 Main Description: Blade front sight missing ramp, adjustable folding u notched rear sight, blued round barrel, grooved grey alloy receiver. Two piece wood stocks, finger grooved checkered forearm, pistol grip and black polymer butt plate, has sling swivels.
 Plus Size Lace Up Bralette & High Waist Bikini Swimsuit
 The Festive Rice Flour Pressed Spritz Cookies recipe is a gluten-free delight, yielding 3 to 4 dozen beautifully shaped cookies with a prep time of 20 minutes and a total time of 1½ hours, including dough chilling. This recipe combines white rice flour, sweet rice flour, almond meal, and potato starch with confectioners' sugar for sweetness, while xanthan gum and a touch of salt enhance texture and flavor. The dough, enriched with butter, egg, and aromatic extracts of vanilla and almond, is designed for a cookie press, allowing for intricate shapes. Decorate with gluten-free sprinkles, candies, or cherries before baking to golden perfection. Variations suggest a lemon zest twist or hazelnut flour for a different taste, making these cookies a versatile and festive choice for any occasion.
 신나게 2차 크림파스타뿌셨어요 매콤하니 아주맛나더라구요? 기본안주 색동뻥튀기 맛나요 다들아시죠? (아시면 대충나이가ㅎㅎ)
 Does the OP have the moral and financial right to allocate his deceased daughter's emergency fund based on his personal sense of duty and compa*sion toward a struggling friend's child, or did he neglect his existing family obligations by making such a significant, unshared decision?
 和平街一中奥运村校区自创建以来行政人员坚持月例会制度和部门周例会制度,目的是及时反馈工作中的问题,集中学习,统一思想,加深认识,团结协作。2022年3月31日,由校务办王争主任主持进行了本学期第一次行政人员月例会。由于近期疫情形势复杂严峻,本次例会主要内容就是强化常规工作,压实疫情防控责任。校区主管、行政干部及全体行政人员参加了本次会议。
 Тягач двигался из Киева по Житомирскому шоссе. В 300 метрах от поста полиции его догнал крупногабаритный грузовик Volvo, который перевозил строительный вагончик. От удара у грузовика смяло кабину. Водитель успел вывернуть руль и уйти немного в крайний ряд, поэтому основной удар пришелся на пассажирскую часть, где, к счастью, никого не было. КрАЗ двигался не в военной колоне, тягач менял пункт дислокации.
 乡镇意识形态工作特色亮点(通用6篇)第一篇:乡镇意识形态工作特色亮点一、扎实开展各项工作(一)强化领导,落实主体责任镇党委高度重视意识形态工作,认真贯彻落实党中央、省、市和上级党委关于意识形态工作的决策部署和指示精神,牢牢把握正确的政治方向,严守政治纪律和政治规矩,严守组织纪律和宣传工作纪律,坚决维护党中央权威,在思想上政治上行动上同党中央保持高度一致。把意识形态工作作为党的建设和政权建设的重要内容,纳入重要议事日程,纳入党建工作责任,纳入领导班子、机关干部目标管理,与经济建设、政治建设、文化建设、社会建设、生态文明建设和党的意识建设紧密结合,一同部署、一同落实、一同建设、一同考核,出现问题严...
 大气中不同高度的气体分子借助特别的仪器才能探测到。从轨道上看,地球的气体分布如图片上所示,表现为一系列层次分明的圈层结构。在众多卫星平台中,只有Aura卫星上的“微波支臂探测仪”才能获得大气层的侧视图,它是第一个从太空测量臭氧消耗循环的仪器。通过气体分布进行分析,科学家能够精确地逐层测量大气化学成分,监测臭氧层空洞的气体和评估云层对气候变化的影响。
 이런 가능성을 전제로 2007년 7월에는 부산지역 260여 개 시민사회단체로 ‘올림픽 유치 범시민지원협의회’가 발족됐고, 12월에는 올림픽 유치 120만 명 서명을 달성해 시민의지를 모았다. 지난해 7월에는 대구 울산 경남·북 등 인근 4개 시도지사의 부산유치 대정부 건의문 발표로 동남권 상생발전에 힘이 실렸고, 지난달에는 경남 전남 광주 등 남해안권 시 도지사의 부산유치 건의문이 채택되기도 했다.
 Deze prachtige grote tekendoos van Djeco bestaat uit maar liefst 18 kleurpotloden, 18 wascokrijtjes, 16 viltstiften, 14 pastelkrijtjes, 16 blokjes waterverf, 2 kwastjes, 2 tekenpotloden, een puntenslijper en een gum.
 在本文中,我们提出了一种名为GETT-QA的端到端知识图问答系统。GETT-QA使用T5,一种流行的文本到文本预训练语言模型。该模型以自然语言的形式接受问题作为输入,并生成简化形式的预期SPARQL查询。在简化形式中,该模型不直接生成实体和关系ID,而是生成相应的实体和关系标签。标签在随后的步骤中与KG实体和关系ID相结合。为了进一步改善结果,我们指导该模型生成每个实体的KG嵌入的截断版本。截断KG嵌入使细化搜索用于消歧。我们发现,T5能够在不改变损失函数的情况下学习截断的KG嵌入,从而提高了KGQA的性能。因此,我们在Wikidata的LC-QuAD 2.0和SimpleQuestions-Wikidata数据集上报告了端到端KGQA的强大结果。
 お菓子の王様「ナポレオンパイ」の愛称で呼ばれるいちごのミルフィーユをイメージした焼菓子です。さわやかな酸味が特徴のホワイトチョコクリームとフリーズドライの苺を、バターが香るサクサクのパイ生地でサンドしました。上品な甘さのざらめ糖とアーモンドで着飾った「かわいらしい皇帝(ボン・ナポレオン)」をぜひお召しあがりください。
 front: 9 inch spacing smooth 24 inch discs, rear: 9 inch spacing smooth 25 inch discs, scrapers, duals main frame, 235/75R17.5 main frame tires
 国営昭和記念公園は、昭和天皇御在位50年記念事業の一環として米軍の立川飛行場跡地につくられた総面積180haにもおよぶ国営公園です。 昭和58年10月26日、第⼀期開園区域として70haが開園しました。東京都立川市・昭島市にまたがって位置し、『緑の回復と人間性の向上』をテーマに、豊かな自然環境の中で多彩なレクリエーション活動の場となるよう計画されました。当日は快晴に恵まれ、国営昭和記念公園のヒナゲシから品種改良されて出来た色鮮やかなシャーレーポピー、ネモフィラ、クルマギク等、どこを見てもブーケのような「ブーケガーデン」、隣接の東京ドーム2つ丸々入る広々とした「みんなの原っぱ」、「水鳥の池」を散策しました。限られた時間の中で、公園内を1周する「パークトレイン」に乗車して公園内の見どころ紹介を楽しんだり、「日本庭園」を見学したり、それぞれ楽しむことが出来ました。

+ + + + +

◆ Instructions to follow ◆
When you respond, give the whole listing again exactly as written.

◆ Response below ◆
 Main Description: Blade front sight missing ramp, adjustable folding u notched rear sight, blued round barrel, grooved grey alloy receiver. Two piece wood stocks, finger grooved checkered forearm, pistol grip and black polymer butt plate, has sling swivels.
 Plus Size Lace Up Bralette & High Waist Bikini Swimsuit
 The Festive Rice Flour Pressed Spritz Cookies recipe is a gluten-free delight, yielding 3 to 4 dozen beautifully shaped cookies with a prep time of 20 minutes and a total time of 1½ hours, including dough chilling. This recipe combines white rice flour, sweet rice flour, almond meal, and potato starch with confectioners' sugar for sweetness, while xanthan gum and a touch of salt enhance texture and flavor. The dough, enriched with butter, egg, and aromatic extracts of vanilla and almond, is designed for a cookie press, allowing for intricate shapes. Decorate with gluten-free sprinkles, candies, or cherries before baking to golden perfection. Variations suggest a lemon zest twist or hazelnut flour for a different taste, making these cookies a versatile and festive choice for any occasion.
 신나게 2차 크림파스타뿌셨어요 매콤하니 아주맛나더라구요? 기본안주 색동뻥튀기 맛나요 다들아시죠? (아시면 대충나이가ㅎㅎ)
 Does the OP have the moral and financial right to allocate his deceased daughter's emergency fund based on his personal sense of duty and compa*sion toward a struggling friend's child, or did he neglect his existing family obligations by making such a significant, unshared decision?
 和平街一中奥运村校区自创建以来行政人员坚持月例会制度和部门周例会制度,目的是及时反馈工作中的问题,集中学习,统一思想,加深认识,团结协作。2022年3月31日,由校务办王争主任主持进行了本学期第一次行政人员月例会。由于近期疫情形势复杂严峻,本次例会主要内容就是强化常规工作,压实疫情防控责任。校区主管、行政干部及全体行政人员参加了本次会议。
 Тягач двигался из Киева по Житомирскому шоссе. В 300 метрах от поста полиции его догнал крупногабаритный грузовик Volvo, который перевозил строительный вагончик. От удара у грузовика смяло кабину. Водитель успел вывернуть руль и уйти немного в крайний ряд, поэтому основной удар пришелся на пассажирскую часть, где, к счастью, никого не было. КрАЗ двигался не в военной колоне, тягач менял пункт дислокации.
 乡镇意识形态工作特色亮点(通用6篇)第一篇:乡镇意识形态工作特色亮点一、扎实开展各项工作(一)强化领导,落实主体责任镇党委高度重视意识形态工作,认真贯彻落实党中央、省、市和上级党委关于意识形态工作的决策部署和指示精神,牢牢把握正确的政治方向,严守政治纪律和政治规矩,严守组织纪律和宣传工作纪律,坚决维护党中央权威,在思想上政治上行动上同党中央保持高度一致。把意识形态工作作为党的建设和政权建设的重要内容,纳入重要议事日程,纳入党建工作责任,纳入领导班子、机关干部目标管理,与经济建设、政治建设、文化建设、社会建设、生态文明建设和党的意识建设紧密结合,一同部署、一同落实、一同建设、一同考核,出现问题严...
 大气中不同高度的气体分子借助特别的仪器才能探测到。从轨道上看,地球的气体分布如图片上所示,表现为一系列层次分明的圈层结构。在众多卫星平台中,只有Aura卫星上的“微波支臂探测仪”才能获得大气层的侧视图,它是第一个从太空测量臭氧消耗循环的仪器。通过气体分布进行分析,科学家能够精确地逐层测量大气化学成分,监测臭氧层空洞的气体和评估云层对气候变化的影响。
 이런 가능성을 전제로 2007년 7월에는 부산지역 260여 개 시민사회단체로 ‘올림픽 유치 범시민지원협의회’가 발족됐고, 12월에는 올림픽 유치 120만 명 서명을 달성해 시민의지를 모았다. 지난해 7월에는 대구 울산 경남·북 등 인근 4개 시도지사의 부산유치 대정부 건의문 발표로 동남권 상생발전에 힘이 실렸고, 지난달에는 경남 전남 광주 등 남해안권 시 도지사의 부산유치 건의문이 채택되기도 했다.
 Deze prachtige grote tekendoos van Djeco bestaat uit maar liefst 18 kleurpotloden, 18 wascokrijtjes, 16 viltstiften, 14 pastelkrijtjes, 16 blokjes waterverf, 2 kwastjes, 2 tekenpotloden, een puntenslijper en een gum.
 在本文中,我们提出了一种名为GETT-QA的端到端知识图问答系统。GETT-QA使用T5,一种流行的文本到文本预训练语言模型。该模型以自然语言的形式接受问题作为输入,并生成简化形式的预期SPARQL查询。在简化形式中,该模型不直接生成实体和关系ID,而是生成相应的实体和关系标签。标签在随后的步骤中与KG实体和关系ID相结合。为了进一步改善结果,我们指导该模型生成每个实体的KG嵌入的截断版本。截断KG嵌入使细化搜索用于消歧。我们发现,T5能够在不改变损失函数的情况下学习截断的KG嵌入,从而提高了KGQA的性能。因此,我们在Wikidata的LC-QuAD 2.0和SimpleQuestions-Wikidata数据集上报告了端到端KGQA的强大结果。
 お菓子の王様「ナポレオンパイ」の愛称で呼ばれるいちごのミルフィーユをイメージした焼菓子です。さわやかな酸味が特徴のホワイトチョコクリームとフリーズドライの苺を、バターが香るサクサクのパイ生地でサンドしました。上品な甘さのざらめ糖とアーモンドで着飾った「かわいらしい皇帝(ボン・ナポレオン)」をぜひお召しあがりください。
 front: 9 inch spacing smooth 24 inch discs, rear: 9 inch spacing smooth 25 inch discs, scrapers, duals main frame, 235/75R17.5 main frame tires
 国営昭和記念公園は、昭和天皇御在位50年記念事業の一環として米軍の立川飛行場跡地につくられた総面積180haにもおよぶ国営公園です。 昭和58年10月26日、第⼀期開園区域として70haが開園しました。東京都立川市・昭島市にまたがって位置し、『緑の回復と人間性の向上』をテーマに、豊かな自然環境の中で多彩なレクリエーション活動の場となるよう計画されました。当日は快晴に恵まれ、国営昭和記念公園のヒナゲシから品種改良されて出来た色鮮やかなシャーレーポピー、ネモフィラ、クルマギク等、どこを見てもブーケのような「ブーケガーデン」、隣接の東京ドーム2つ丸々入る広々とした「みんなの原っぱ」、「水鳥の池」を散策しました。限られた時間の中で、公園内を1周する「パークトレイン」に乗車して公園内の見どころ紹介を楽しんだり、「日本庭園」を見学したり、それぞれ楽しむことが出来ました。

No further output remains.